Since we are interested in the isotope ratios of carbon and oxygen, these equations need to be turned around, which leads to much more complex expressions that no one wants to deal with. For example, the isotope ratio of carbon is obtained by solving the cubic equation (we drop the denominator isotope labels for brevity) [24]:

$$\begin{aligned} 5 R^{3}_{13}- & {} 3 R_{45} R^{2}_{13} + (4 R_{46} - R^{2}_{45}) R_{13} + (4 R_{45} R_{46} - 8 R_{47} \nonumber \\- & {} R^{3}_{45}) = 0 \end{aligned}$$
(5)

Most mass spectrometers are not equipped to measure the faint signal of the mass 47 isotopologues and they measure only the signals from masses 44, 45, and 46. This means we are short of one equation in order to convert \(R_{45/44}\) and \(R_{46/44}\) into \(R_{13/12}\), \(R_{17/16}\), and \(R_{18/16}\).

Turns out that the changes in oxygen-17 and oxygen-18 isotope ratios for nearly all terrestrial materials — waters and carbonates alike — fall on a single line, known as the terrestrial fractionation line, whose slope is \(\lambda \approx 0.52\) when \(\delta ({}^{18}\text {O})\) is plotted against \(\delta ({}^{17}\text {O})\) [25]. However, using the terrestrial fractionation line as a shortcut for not measuring isotopologues of mass 47 leads to even more complicated equation [26]:

$$\begin{aligned} 3 R^{2}_{13}- & {} 2 R_{13} R_{45} - 8 (R_{45} - R_{13})^{1/\lambda }/(2K)^{1/\lambda }\nonumber \\- & {} R^{2}_{45} + 4 R_{46} = 0 \end{aligned}$$
(6)

where \(K = R_{17}/(R_{18})^\lambda \). One problem with data reduction, aside the fact that the aforementioned expressions are often solved using linear approximations [26], is to also agree on the values for \(\lambda \) and K. In the 1950s, the default choice was \(\lambda = 0.5\) [14] whereas today we use \(\lambda = 0.528\) [26]. And, as noted by Brand et al. [26], this value of \(\lambda \) applies only for normal CO\({}_{2}\) materials that have been in equilibrium with terrestrial waters.
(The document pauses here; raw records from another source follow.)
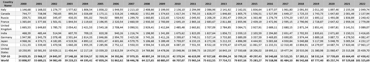 Номинальный ВВП 10 стран с самыми крупными показателями: мировые тенденции и ключевые игроки с 2000 года по 2022 год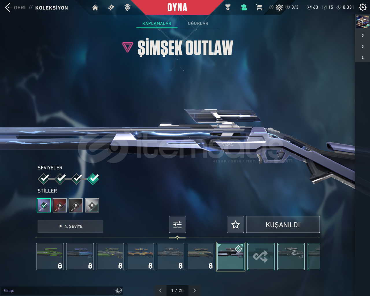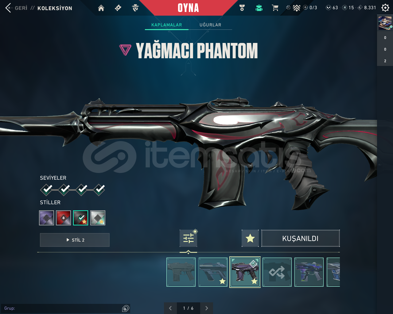 HESAPTAKİ SKİNLER ;ŞİMŞEK FRENZYYAĞMACI GHOSTAEMONDIR SHERİFŞİMŞEK SPECTRERADİANT KRİZİ BUCKYONİ GUARDİANYAĞMACI PHANTOMŞİMŞEK PHANTOMKAOS VANDALŞİMŞEK BAYONET2 BATTLE PASS BIÇAĞIŞİMŞEK OUTLAWVE GERİYE KALAN SKİNLERDE DE BATTLEPASS AÇILMIŞTIR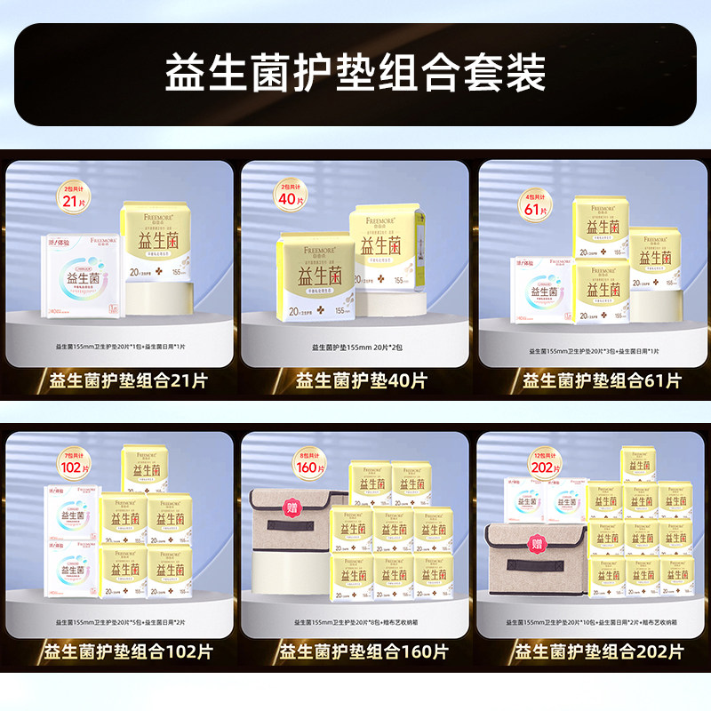 📚 自由点益生菌护垫155mm超薄透气棉柔迷你姨妈巾小卫生巾官方正品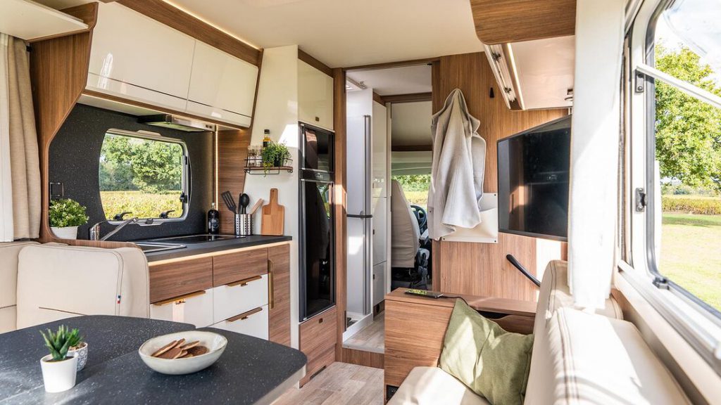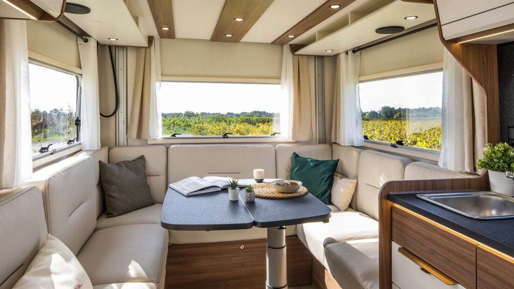 Pilote 2022 gokt met de nieuwe halfintegraal Pacific P 696 U (foto boven artikel) op een indeling met een grote zithoek aan de achterkant. De tijd dat het Franse koperspubliek dat niet zag zitten, lijkt voorbij. Waarschijnlijk heeft Pilote bij zustermerk Frankia afgekeken. Daar doen deze indelingen het namelijk ook steeds beter. De Pacific P 696 U beschikt – zoals we dat al eerder ook bij Frankia zagen – over een hefbed boven de zithoek. Ook bijzonder: tussen het keukenblok en de cabine een badkamer over de volledige breedte van de camper. De vanafprijs van de P 969 is zo’n 70.000 euro.
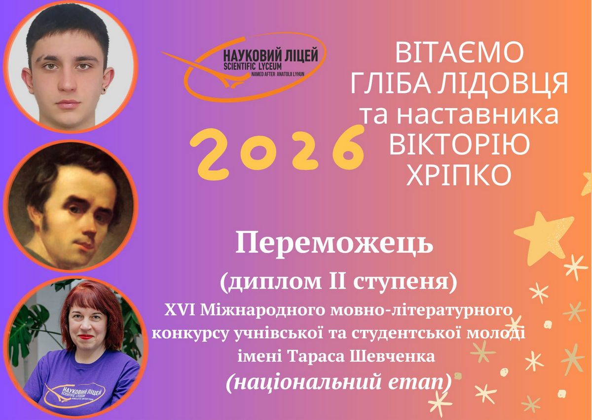 Від редакції. Вітаємо Гліба Лідовця та його наставницю Вікторію Хріпко із чудовим результатом! Бажаємо нових, яскравих перемог!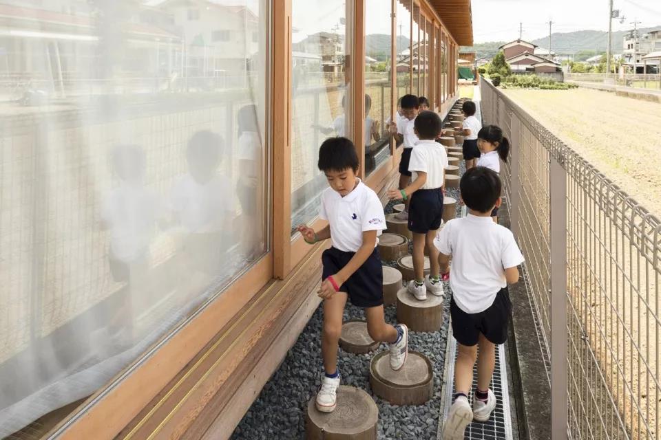 ▼孩子們在幼兒園旁的樹樁活動區玩耍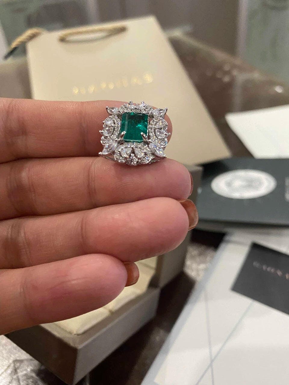 GAONAS Emerald ring Cubic Zirconia S925 Silver Artificial woman unisex fashion luxurious jewelry Green rich creative gifts 2025 NEW 10103JG
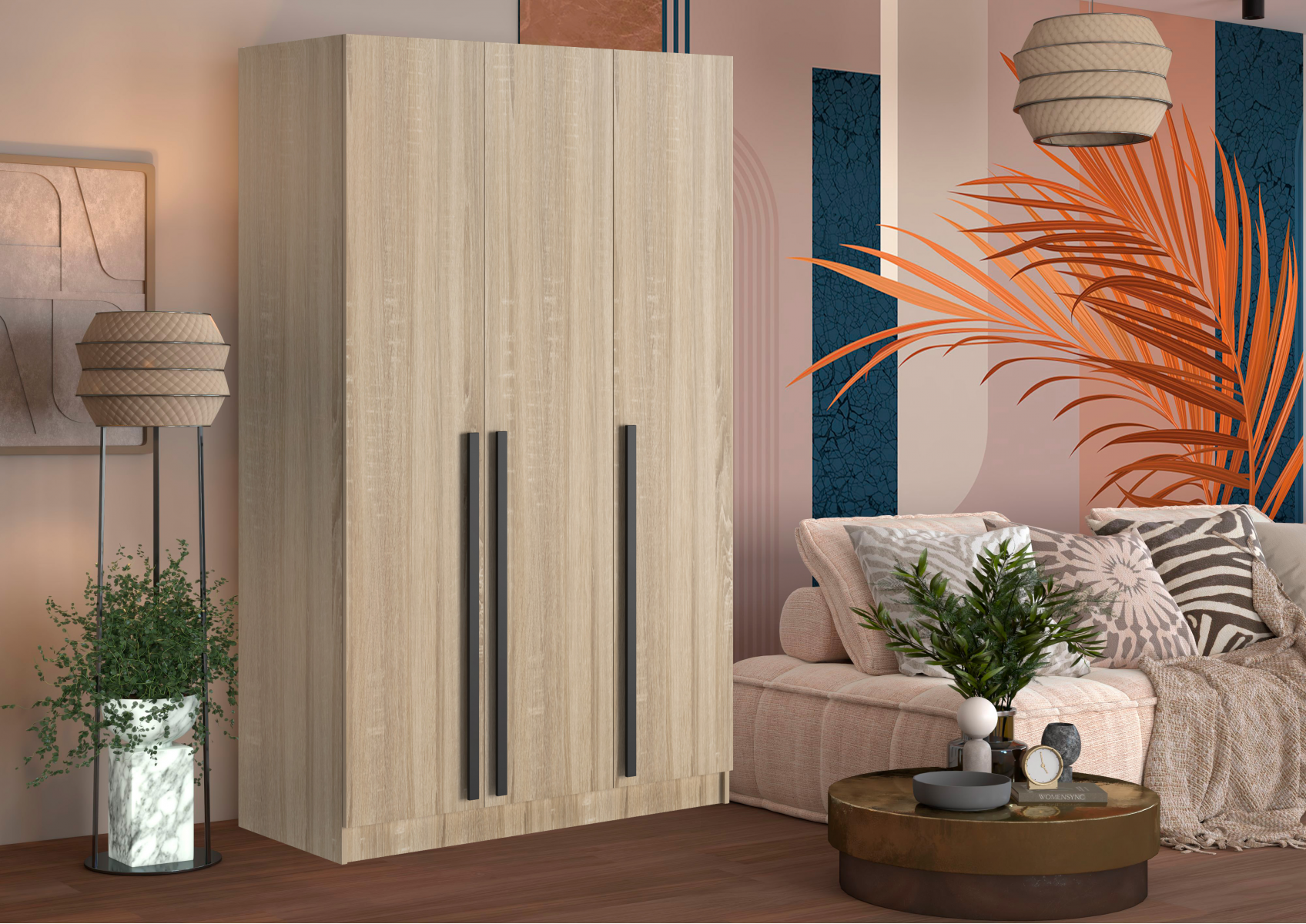 Шкаф Бостон 1200 трехстворчатый, выполнен в цвете Сонома. Распашной шкаф для одежды выполненн из практичного ЛДСП, предназначен для хранения одежды, обуви, головных уборов и аксессуаров. Для этого в шкафу имеется вместительное отделение с штангой и пятью практичными полками. Удлиненные ручки МДФ черного цвета придают оригинальности простому лаконичному дизайну шкафа. Инструкция и вся необходимая фурнитура предусмотрена в комплекте.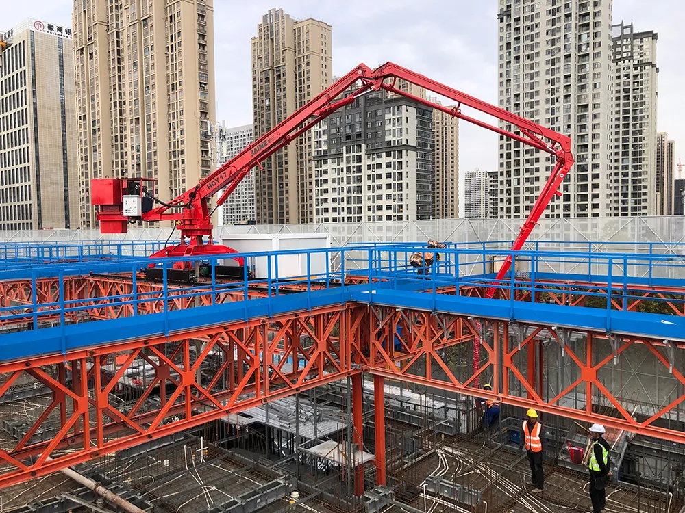 造樓機專用混凝土布料機讓造樓機在現場諸多受限條件的基礎上,無論是在安裝空間上,還是在澆筑范圍上,都有了更多的選擇;再配上智能操控方式,讓混凝土澆筑變得更加簡單、便捷。

There are, indeed, abnormal materials out there, such as stratospheric CO\({}_{2}\), which have widely different values of \(\lambda \). For such materials, accurate carbon isotope measurements require independent measurements of their oxygen-17 abundance [23].

Decisions about the underlying math have a significant effect on the measurement results. In 2004, NIST reported the results of an inter-laboratory study for CO\({}_{2}\) measurements [27]. This study involved centralized data reduction and it looked at how much the results would vary depending on what kind of conventional set of assumptions are used for \(\lambda \) (and K). Four sets of assumptions were investigated, including one that was, at the time, endorsed by the International Atomic Energy Agency (IAEA), and one that is now endorsed by the International Union of Pure Applied Chemistry (IUPAC). As shown in Fig. 2, choosing among these four conventions leads to carbon isotope delta differences of up to 0.2‰. The World Meteorological Organization (WMO) has set data quality objectives for carbon isotope measurements in CO\({}_{2}\) aiming at a scale realization compatibility goal of \(\pm 0.01\)‰ [28]. Hence, a 0.2‰ variation due to mathematical conventions is far from acceptable. And this is one of the reasons why IUPAC has issued recommendations towards unified data reduction algorithms [26] which, in turn, has led to improved inter-laboratory agreement of CO\({}_{2}\) isotope measurements [29].

Fig. 2
figure 2

Uncertainty due to data reduction conventions in carbon isotope delta measurements. Inter-laboratory measurements of carbon isotope deltas are reduced using four sets of common assumptions regarding the values of \(\lambda \) and K (see Eq. 6) [27]. The difference in carbon isotope delta values between these four sets of assumptions reaches 0.2‰

When we actually measure the isotopic composition of carbon in CO\({}_{2}\) samples using dual inlet isotope ratio mass spectrometry, the kind of instrumentation used in reference material development [30], there has been a recognized reproducibility problem. A manuscript from 2000 reminds us that inter-laboratory accuracy has hardly improved over the years and that carbon isotope delta measurement results are always showing a familiar pattern: the further the samples are from the reference materials, the bigger the spread between the results [31]. This phenomenon has only been understood some 20 years ago, and it has to do with the cross-contamination.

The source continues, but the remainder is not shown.